Der Ungar hob aber die Leistungen der Schiedsrichter hervor, die 14 dieser VAR-Fehler als solche erkannt und overruled haben, wie eine Statistik ergab, die in gesamt 202 Spielen mit VAR-Technologie 82 Eingriffe auswies.
Die durchschnittliche Dauer des Eingriffs in der abgelaufenen Saison betrug 47 Sekunden in der ersten Halbzeit und 57 Sekunden in der zweiten. Mit Schulungen werde daran gearbeitet, "diese Zeiten noch zu reduzieren".
Semi-Professionalisierung: "Wir brauchen Schiedsrichter in der Champions League"
Für die demnächst startende neue Saison will man die Leistungen stabilisieren und die internationale Position stärken, für nächstes Jahr steht der Start der Semi-Professionalisierung auf dem Programm.
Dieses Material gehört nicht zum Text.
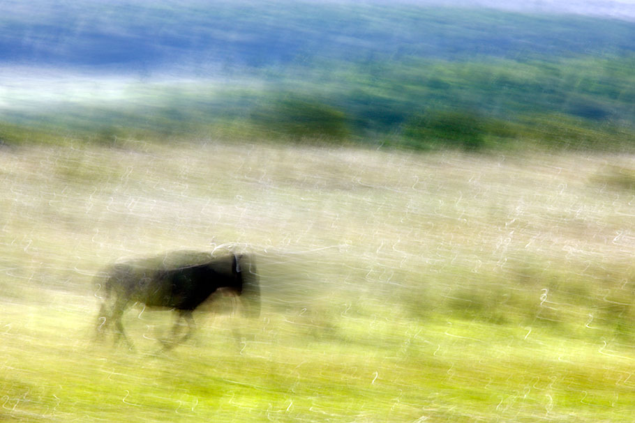 Known in Swahili as nyumbu, this species of antelope is one of the principal protagonists of the mass African migrations. From June to the ends of October some two million gnus or wildebeest, Connochaetes taurinus, head to the Serengueti in Tanzania. Once the dangerous muddy waters of the River Mara have been negotiated, the “Great Herd” finds the coveted fresh pastures. This lone straggler gave me the opportunity to use the panning technique to create an image similar in style to that of the great impressionist painter Claude Monet.
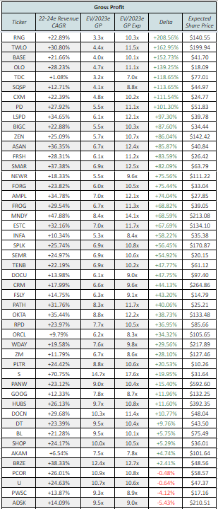 2022-2024 Projected Revenue CAGR vs. Enterprise Value / 2023 Expected Gross Profit (EV/2023 GP) Scatter Plot
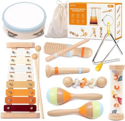 Toddler Musical Instruments Sets, Montessori Wooden Percussion Educational Baby Musical Toys Xylophone Maracas Tambourine for 2 3 4 Year Old Girls Boys Christmas Stocking Suffers Gifts for Kids
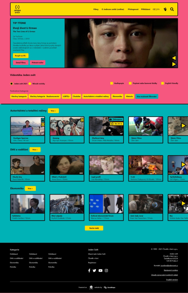 Realizace webu přední neziskové organizace Člověk v tísni, streamovací video platformy pro festival o lidských právech - Jeden svět. Filmy o lidských právech si díky platformě Jeden svět online můžete pustit odkudkoliv v České republice. Realizace zahrnovala konzultace, analýzy, UX, UI, grafický design, komplexní development a deployment na servery klienta.
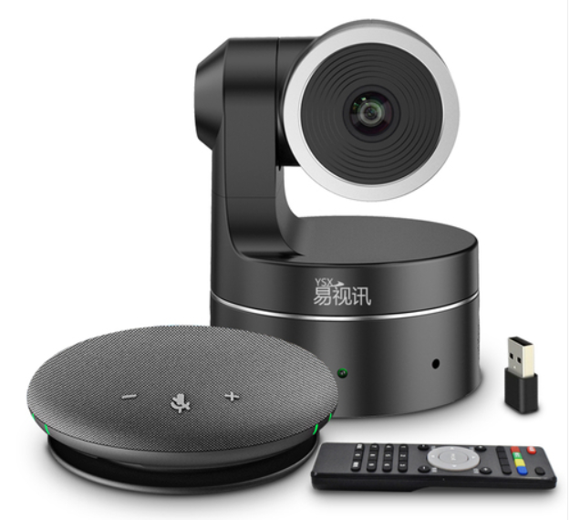 YSX-NC1 音视频会议套装专为 2-10 人小空间设计,摄像头与全向麦的组合精准解决小型视频会议 “取景覆盖不全、收音模糊” 的问题。摄像头搭载 1/2.5″ CMOS 传感器(208 万有效像素),固定输出 1920*1080@30 帧高清画面,110° 广角镜头能完整覆盖小会议室场景,配合 355° 水平、100° 垂直云台与红外遥控,可灵活调整取景角度,>50dB 信噪比与自动白平衡、曝光功能,确保视频画面清晰稳定,5 米长 USB 数据线还能适配不同设备摆放需求。

An Vollzeitverträge denkt Hofmann derzeit nicht, dazu würden die Voraussetzungen in Österreich fehlen.
Auch ein Aufstieg in die europäische Eliteliga steht auf der Wunschliste. Nach vier Gruppenspielen in der Europa League, die österreichische Unparteiische geleitet haben, will man im nächsten Jahr den nächsten Schritt schaffen.
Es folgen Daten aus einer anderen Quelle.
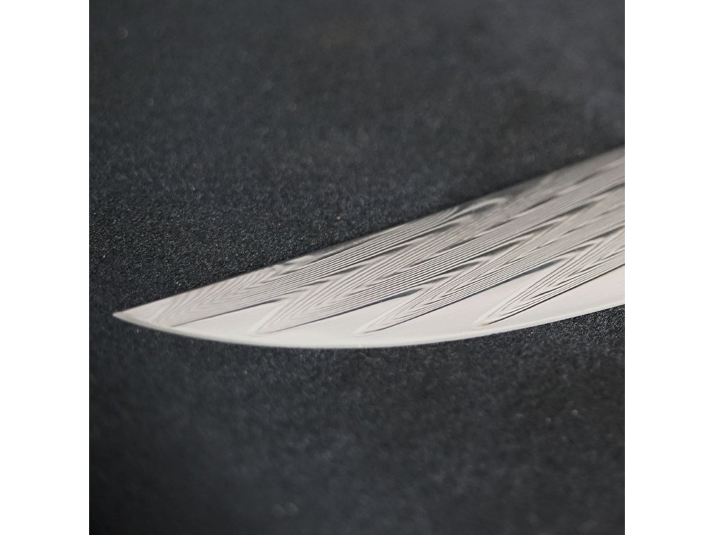 Ostří jako břitva: Srdcem každýho nože je ocel 10Cr15CoMoV – tvrdá, houževnatá a nekompromisně ostrá. Jádro je obklopený 66 vrstvami damašku, který tvoří unikátní vzor SUNSHINE – připomíná sluneční paprsky a dává nožům brutálně sexy vzhled.
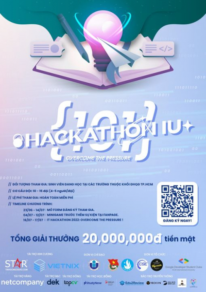 Với quy mô cực kỳ hoành tráng, IT Hackathon 2022: Overcome The Pressure đã sẵn sàng biến mùa hè của bạn trở nên cực kỳ nóng và bùng nổ hơn bao giờ hết với tổng các giá trị giải thưởng lên đến 20.000.000 đồng. Đây sẽ là sân chơi bổ ích cho các bạn trẻ đam mê Công Nghệ Thông Tin, sẽ là nơi thực hiện hóa những ước mơ còn đang ấp ủ.
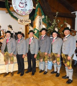 Aus den Händen des 1. Gauvorstandes Pankraz Perfler erhielten für ihren umfangreichen Einsatz für die Trachtensache das Gau-Ehrenzeichen des Bayer. Inngau-Trachtenverbandes: (von links) Bernhard Zehetmaier (in Silber), Otto Langer (in Silber), Thomas Bayer (in Gold), Franz Mühlhuber (in Silber), Thomas Niedermaier (in Silber), 1. Gauvorstand Pankraz Perfler

"Europa League ist schön, aber wir brauchen Schiedsrichter in der Champions League", betonte Kassai und sprach die damit einhergehende Vorbildfunktion an. Zudem soll Österreich 2028 auch mit einem Schiedsrichter bei der nächsten EM vertreten sein.
Die Handspiel-Regel und die Frage nach der Interpretation
Aktuell werden die heimischen Referees auf die demnächst beginnende Saison vorbereitet, die mit der Kapitänsregel auch eine Neuerung bringt.
Nur noch die Kapitäne dürfen mit den Schiedsrichtern diskutieren, dadurch wird es "mehr Respekt geben auf dem Spielfeld", ist Kassai überzeugt.Eine Errungenschaft der EM, bei der diese Regel erstmals angewandt worden ist.
Ein bei der EURO offenkundiges Problem bleibt aber bestehen, nämlich die Frage, wann ein Handspiel geahndet wird. "Das größte Problem ist die Frage der Interpretation. Da gibt es viel Raum. Ist die Haltung natürlich oder nicht? Gibt es eine Vergrößerung? Da gibt es keine Schablone, wir können unseren Leuten nur helfen, wie sie die Szene beurteilen", erklärte Kassai, der auf das EM-Feedback der UEFA in diesem Bereich gespannt ist.